Хозяйствовал Клементьич плохо, все как-то не везло ему: то лошаденка подохнет от неизвестной лошадиной болезни, то единственная старенькая коровенка утопнет в болоте, то еще что-нибудь, и в поисках денег он хватался за все — плотничал, столярничал, нанимался на поденщину к богатеям (за семью зайцами гнался), но все одно был голытьба голытьбой, это злило его, и, чтобы успокоиться, забыться на время, хлестал и хлестал бражку, которая всегда мутнела у него в старой ведерной бутыли на кухне.
Как-то осенью — дело было летом двадцать второго года — Клементьич заявил сыну, что намерен женить его на дочке местного богача Вере Глушковой, рослой, статной девке, которая жила с родителями в двухэтажном доме с балконом (единственным на все село) и щеголяла на вечеринках в ярких, дорогих платьях.

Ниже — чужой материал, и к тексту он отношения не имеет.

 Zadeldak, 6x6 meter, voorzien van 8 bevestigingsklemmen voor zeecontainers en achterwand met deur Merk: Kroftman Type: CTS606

Надо сказать, что многие девки поглядывали на Николая, был он в молодости хорош собой: строен, чубат, с немолодой притягательной печалью в глазах, и Вера тоже вроде бы поглядывала, но казалось ему, что уж старик Глушков подберет для дочки кого-нибудь побогаче. О Вере вообще как-то не думалось. И вот сейчас Клементьич твердил:
— Мы договорилися. И Верка не будет против. Так что ты тае… Радуйся, ядрена палка. Така невеста!

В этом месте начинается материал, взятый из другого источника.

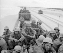 Many APCs are amphibious, meaning they are able to traverse bodies of water. To move in water they will often have propellers or water jets, or be propelled by their tracks. Preparing the APC to operate amphibiously usually comprises checking the integrity of the hull and folding down a trim vane in front. Water traverse speed varies greatly between vehicles and is much less than ground speed. The maximum swim speed of the M113 is 3.6 mph (5.8 km/h),[4] about 10% its road speed, and the AAVP-7 can swim at 8.2 mph (13.2 km/h).
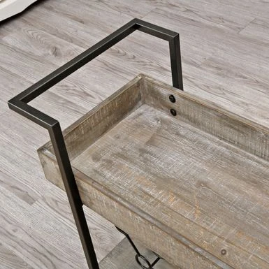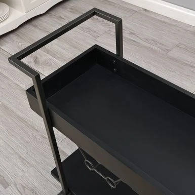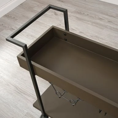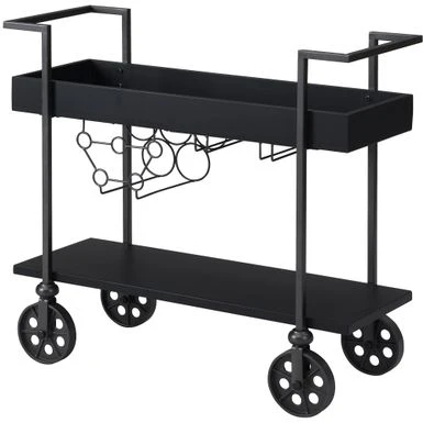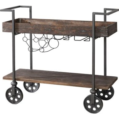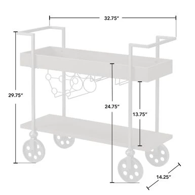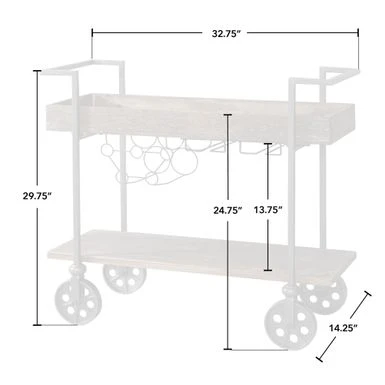 Impress your guests with our FirsTime & Co. Factory Row Industrial Farmhouse Wheeled Bar Cart. This rustic brown wheeled cart features two wood shelves, wine glass racks, and ample storage for wine bottles and other essentials. With its industrial factory cart wheels, this versatile furniture piece can also be used as a kitchen island cart, dining storage, or console table. Measuring 29.75″ in height, 32.75″ in width, and 14.25″ in depth, it is the perfect, functional accent piece for any kitchen or bar. Bring industrial style into your home with this stylish and decorative piece from FirsTime & Co.
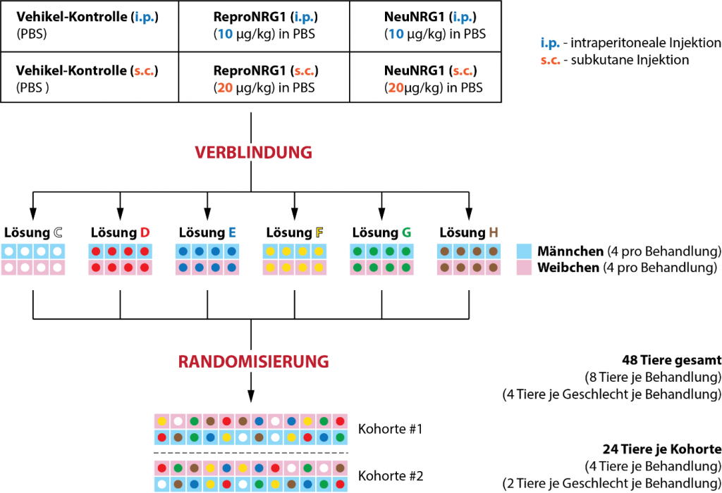 Das Hauptziel dieser Kopf-an-Kopf-Studie besteht darin, zu prüfen, ob NeuNRG1 ähnliche Wirkungen wie ReproNRG1 zeigt und somit die weitere gemeinsame Entwicklung einer NRG1-Proteinersatztherapie auf Grundlage der fortgeschrittenen Wissensbasis von NeuNRG1 rechtfertigt. Das sekundäre Ziel dieser Studie ist ein Vergleich der Applikationswege und der Behandlungsdosis, da NeuNRG1 von unserem Industriepartner routinemäßig in Form von (klinisch leichter zugänglichen) subkutanen (s. c.) Injektionen zu 20 mg/kg verwendet wird – im Gegensatz zu intraperitonealen (i. p.) Injektionen zu 10 mg/kg, welche in unseren früheren und laufenden Studien verwendet werden.
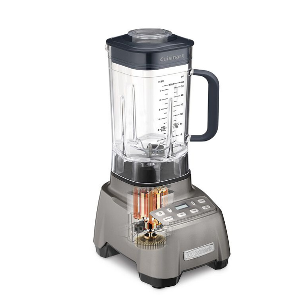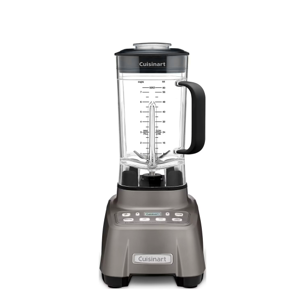 Licuadora Cuisinart® Hurricane ™ revolucionada y lista para funcionar. El motor profesional de 2.25 caballos de fuerza alcanza incluso las tareas más pesadas de pulverización con facilidad, y el diseño de doble carcasa mantiene el funcionamiento silencioso para que la conversación no tenga que detenerse. El frasco Tritan ™ libre de BPA de 60 onzas se encuentra en una base elegante y potente, diseñada para un fácil vertido, con un mango suave para agarre seguro. Con solo tocar un botón, puede mezclar velocidades baja y alta, pulso y opciones pre-programadas de Smoothie y Crush Ice.

Когда Николай сказал, что у него есть Маша и уж если жениться, то жениться на ней, отец поднес к его носу кулак:
— А эту Машу видел? Видел, я тя спрашиваю?! Дурак ты этакий. Да у твоей Машки ни одного доброго платьишка нетука. А тятя ее и в ус не дует. У нее же никакого приданого.
— И не надо, — буркнул Николай.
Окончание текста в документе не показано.